In order to write “Burlakov on the Volga”, Repin took several years of hard work. He made several trips to the Volga, made friends with the future heroes of his picture, talked with them for a long time, trying to understand how these people live.
Gradually, Repin decided to change the original intention of the painting. Now he no longer tried to depict the contrast between the fun of smart young ladies and the hard work of barge haulers. The scene was moved to the Volga. Summer midday reigns in the picture: a sandy shallow is flooded with hot sun, light clouds run across the summer sky. In the background, you can see the laden barge with the figure of a clerk or master, and in the foreground – a bunch of barge haulers, who, with an effort, are pulling the ship out of the last forces.
Repin specially contrasted the magnificent colors of nature – the amber of sand, the deep blue of water, the blue expanse of the sky – to the gray, earthy colors with which the haulers were painted. Eleven people in dirty tatters, soaked through with salty sweat, in rotten bast shoes or onches personify hard work, which at that time was valued even lower than horse.
Repinsky barge haulers do not sing, sullenly leaning on the straps, they do not say a word, but the whole picture is like a groan of the Russian people, poor and destitute. Repina’s haulers are a gallery of bright personalities specially selected by him. Each of them has an individuality, character, inner world, biography, psychology and its own attitude to life.
Ahead are the “rootstocks.” – The strongest and most experienced barge haulers. The first is pop-defrocking, who has already seen everything in his lifetime, next to him is a kinked barge, overgrown with a beard right up to the eyes. Left and slightly behind the priest – Ilka-sailor. His head is tied with a rag, and the attentive gaze of the eyes glittering with whites is directed straight at the viewer. Behind Ilkoy is a tall, thin barge with a pipe in his mouth. Repin portrayed him as unkind, embittered.
In the second group, the viewer’s eye falls primarily on a tall, young boy in rags of a red shirt. He slowed his pace a little, straightening the strap, and his figure stood a-la across the movement of the barge haulers.

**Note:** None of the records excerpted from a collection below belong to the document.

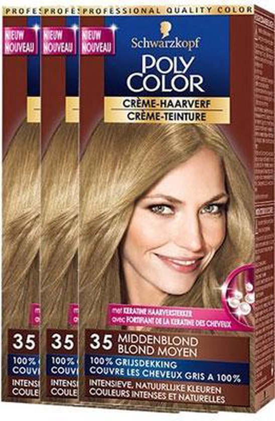 Poly Color Haarverf Creme - 35 Middenblond, De haarverf van Poly Color zorgt voor een prachtige dekkende kleur. Krijg een geweldige look met diepe natuurlijke of juist intense effecten. Voor een langdurig kleureffect en 100% grijsdekking, week na week! , Inhoud: Poly Color Haarverf Creme - 35 Middenblond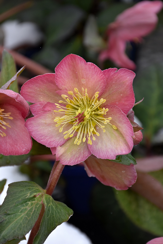 FrostKiss™ Cheryl's Shine® Hellebore features showy nodding pink cup-shaped flowers with peach overtones and chartreuse eyes at the ends of the stems from late winter to early spring. Its attractive serrated oval compound leaves remain dark green in colour with distinctive light green veins throughout the year.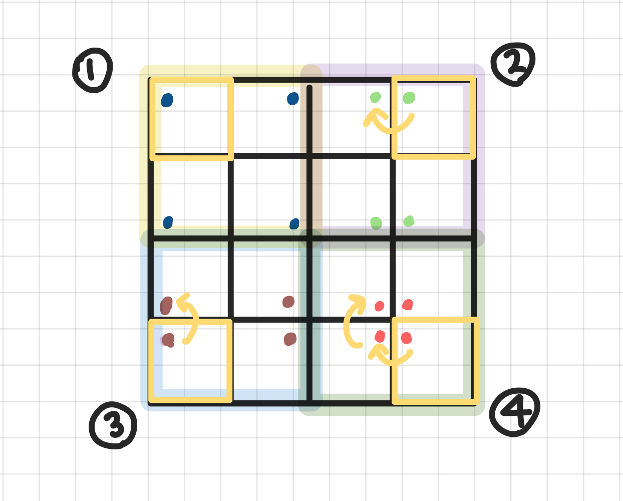 전제2에 의해 결국 2x2의 구멍 4개 위치만 구하면 된다.

To his right is a thin, emaciated barge hauler, who, utterly exhausted, wipes his wet forehead with his sleeve, to the left is an old man, who must have repeatedly passed the Volga up and down. The retired soldier in the cap, pulled down over his eyes, is a tall soldier turned to the viewer in profile, and a little man who literally hung on the strap. Such strong, bright and whole characters cannot be simply invented, they had to be first found, understood and only then written. “Barge haulers on the Volga” became the first picture of Repin from those canvases that showed true Russia of that time.